どうしてこうなってしまったんだろう。あの人は今どうしているだろうか。
何にせよ、私はテーブルの上のそれを黙って眺めることしかできなかった。
◾︎ ◾︎
私は岡屋でDVDを借りようと目的の品を持ち会計に向かっていた。店内の曲がり角に差し掛かったところに向かい側からも人が来ていて、気づいた時には肩をぶつけてしまっていた。その勢いでお互い手に持っていたDVDを落としてしまい、床に打ち付けられたDVDケースがカシャカシャ────────────────────────────────────────────────ンと音を立てる。
「あっ、ごめんなさい!」
慌てて謝り、床に落ちたそれを拾おうとしゃがみ込んだ。
「あ〰︎〰︎……ごめんね、よそ見してて──って拾わなくていいよ!」
ぶつかった相手の男性が焦った声を出してしゃがんだ時には、もう私は手に持って見てしまっていた。
《巨乳大作戦 8》
でかでかと主張されるタイトル。胸を強調した際どい格好の女性がバーンのパッケージ。この……なんかこの感じのやつは間違いなくウフンでアハンのやつだ! 男性の妙な焦り具合からもそうだと伺えた。どんな作戦だろう。
一瞬であったがそう考えているうちに、私とAのVを隔てるように伸びてきた綺麗な手がさっとAVを持っていった。形の良い指だ。どんな作戦だろう。
「見た?」
先程よりも低い声で短く問いかけられて、初めてその人の顔を見る。綺麗なのは手だけじゃなかった。顔を上げるとびっくり仰天、おそろしく美形の男がいるではないか。まあまあ背丈のありそうな体格に纏った白いスーツはいかにも上等そうで更に存在を際立たせていた。

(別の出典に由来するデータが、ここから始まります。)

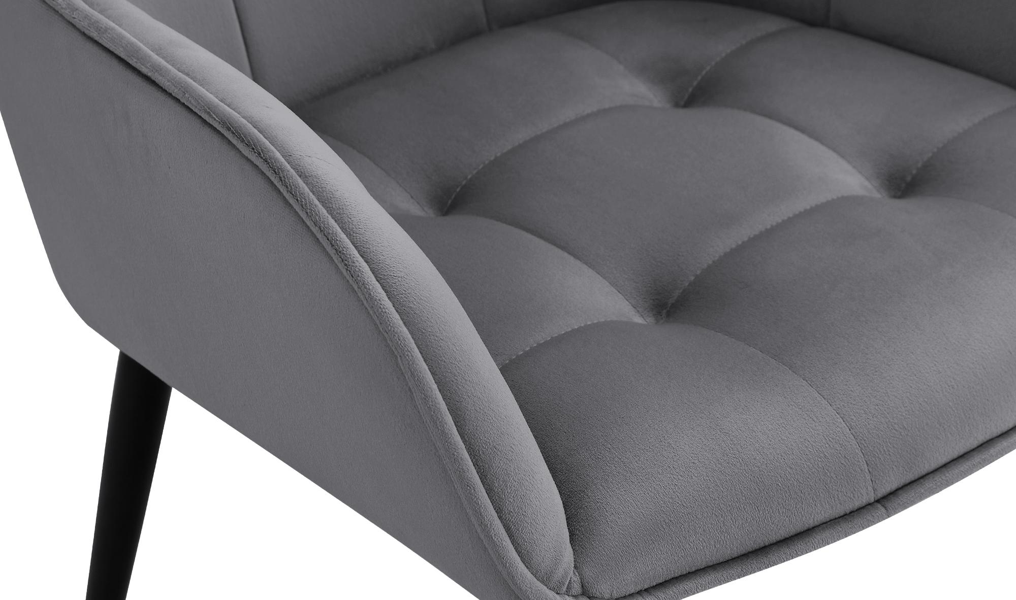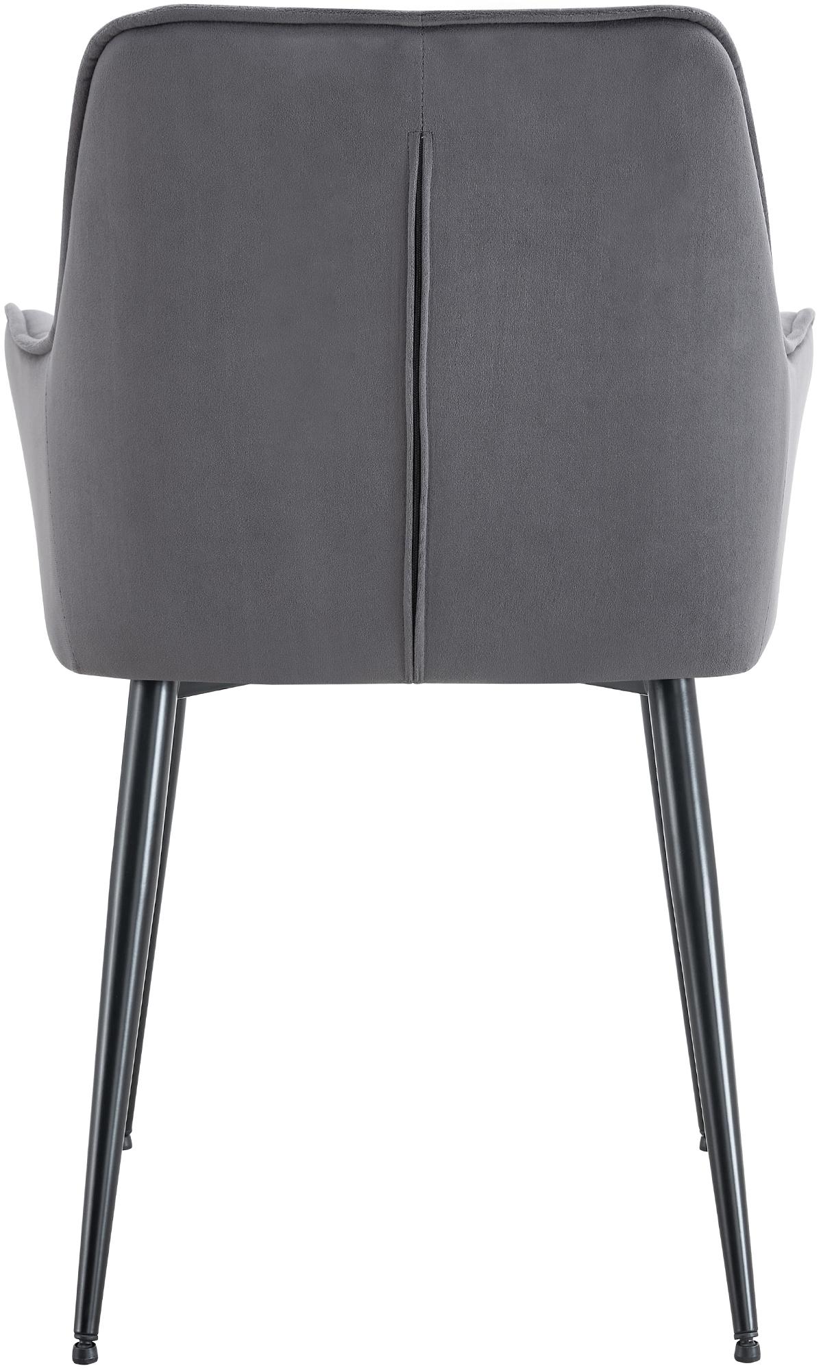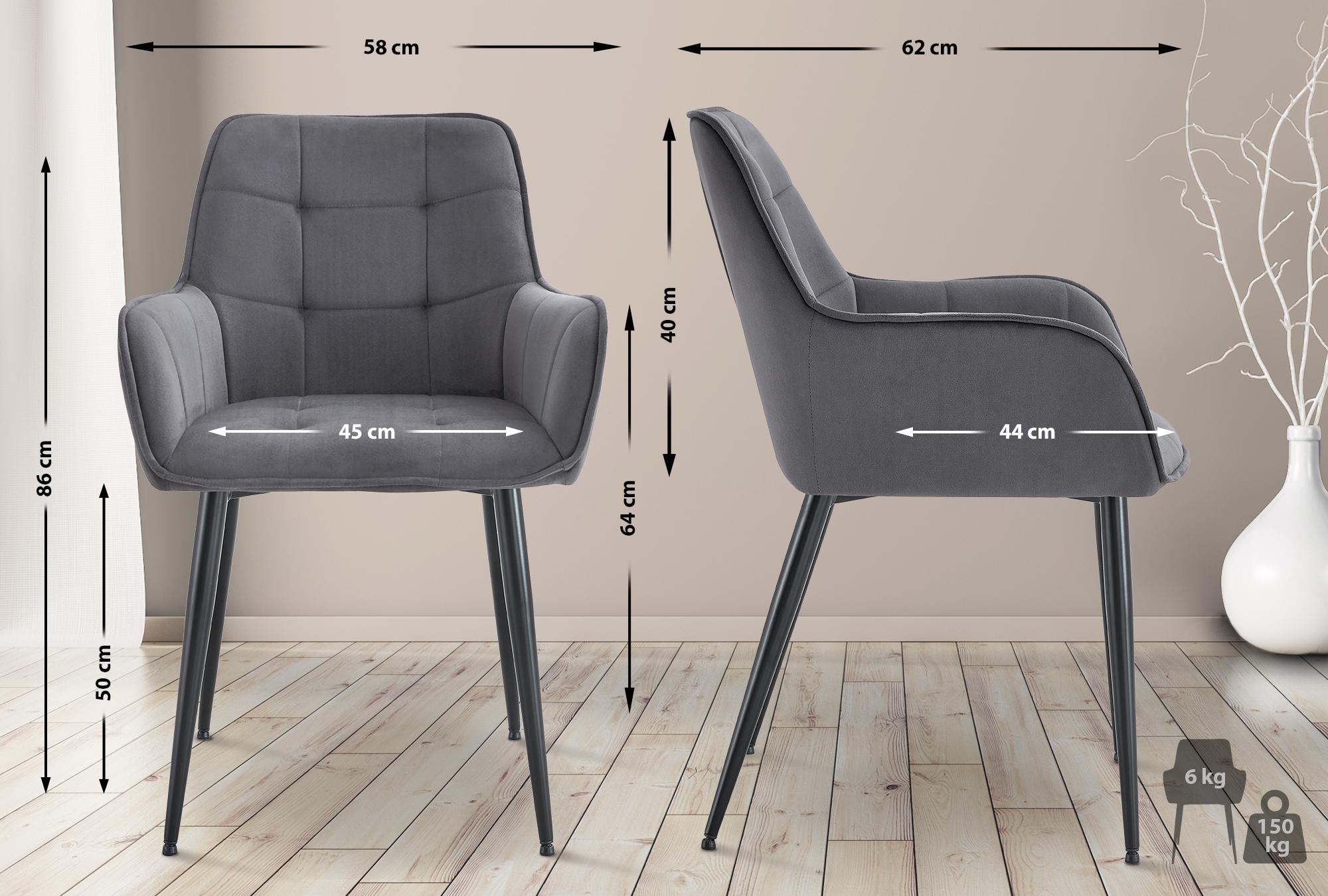 Moderná jedálenská stolička s pohodlným čalúneným sedadlom a zamatovým poťahom. Ergonomický tvar a nosnosť 150 kg ju predurčujú na dlhšie sedenie. Ideálna do jedálne, spálne alebo ako čítacia stolička, zapadne do rôznych interiérov.
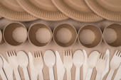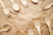 Góra nad głową widok zdjęcie drewniane sztućce leżące bokiem czyniąc centrum puste izolowane na tle papieru rzemieślniczego
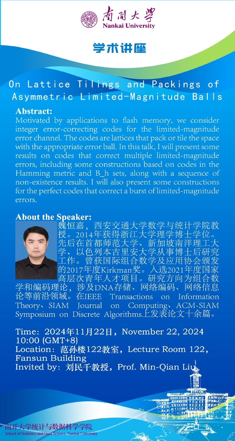 On Lattice Tilings and Packings of Asymmetric Limited-Magnitude Balls(魏恒嘉)
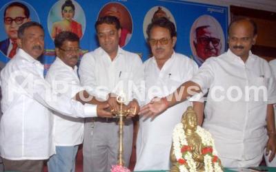 Photo Caption : Dr HR Surendra, Eye Specialist with Former Minister Rajavardhan, Former MLC N Manjunath, P Chaluvaraj and R Lokesh at the inauguration of seminar on “Dalits Political Challenges†organized by Karnataka Madigara Sangha at Gandhi Bhavan, in Bengaluru on Sunday 22nd May 2016
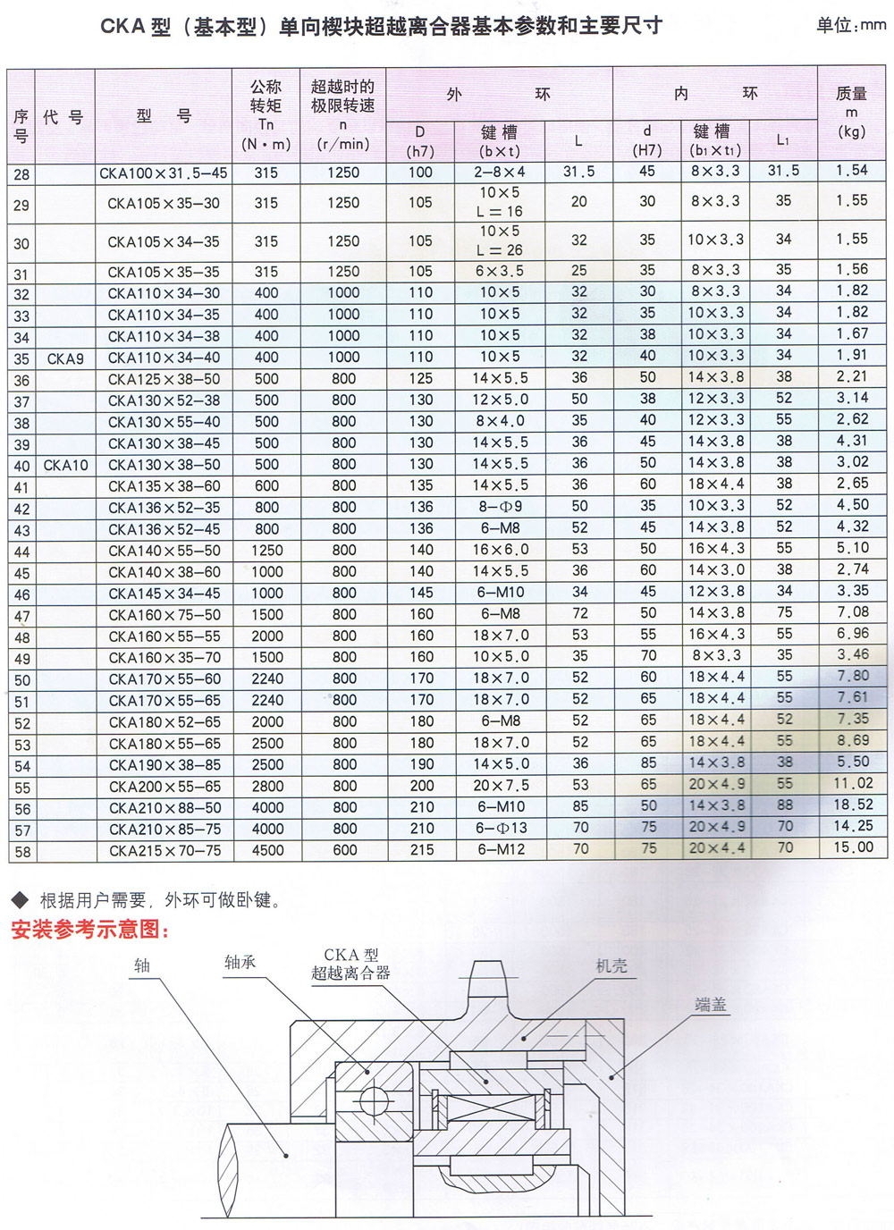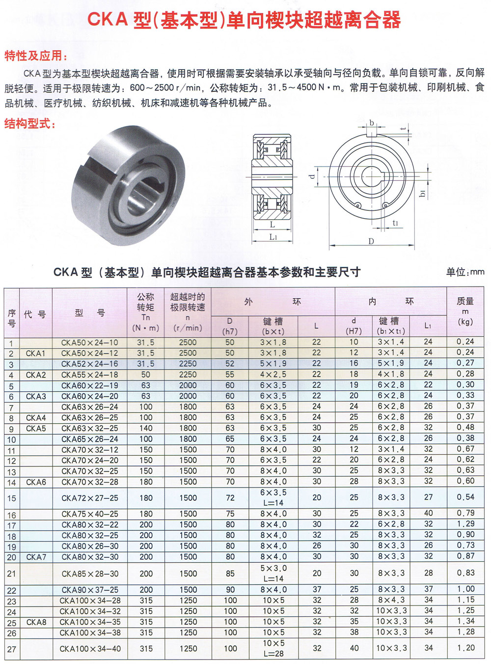 CKA型超越離合器
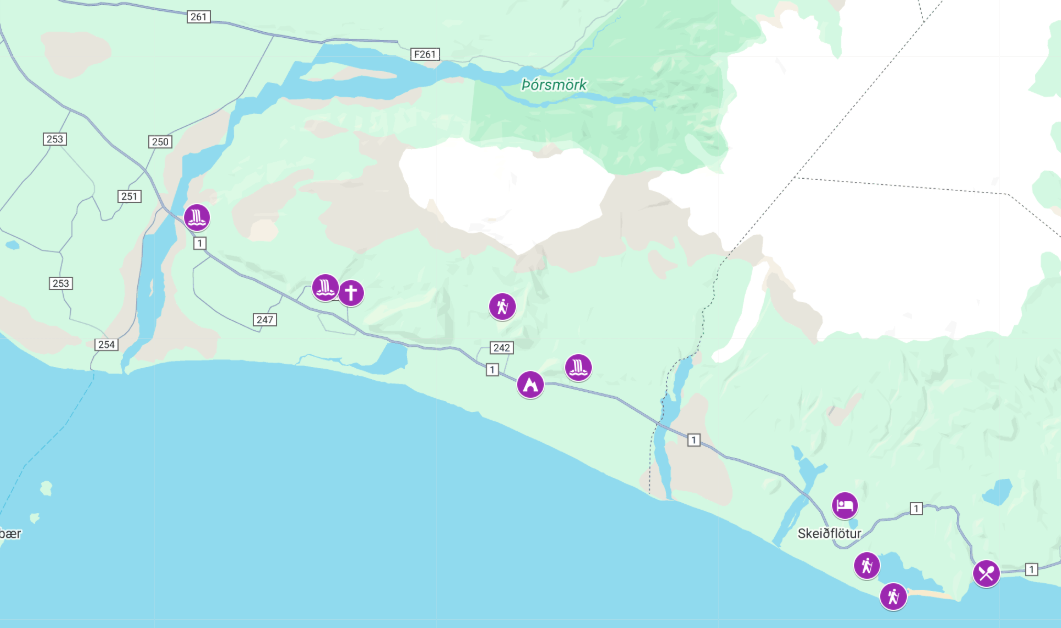 Our Stops: Seljalandfoss, Ásólfsskálakirkja, Irarfoss, Seljavallalaug Swimming Pool hike, Rutshellir Caves, Skogafoss (short hike), Loftsalahellir Cave (short hike), Dyrholaey, Reynisfjara Beach, Black Crust Pizza (dinner), Hotel Burfell to spend the night

長いまつ毛、濡れたように潤った唇、しっかりした凛々しい眉毛が印象的だ。全てが整っている。パーツというパーツが良い形をしている! 良い位置にくっついている! こんなにも美しくありながらなんかこう……男! 雄! って感じを感じさせてくる! すごい! 頭がおかしくなっちゃいそう! 心臓が破裂しそう!
それよりも今私が置かれている状況をどうにかしなければならない。先程の質問は、質問でなく要求だと私は悟っていた。『見ていないと言え』と言っているのだ。私が見てしまったのを彼は見ている。嘘をつけというのだ。
「……み…………」
だが本当にそうなのだろうか? 見ていないと言ったとしても、見たという事実は消えない。本当にこれは見ていないと言えという要求なのだろうか?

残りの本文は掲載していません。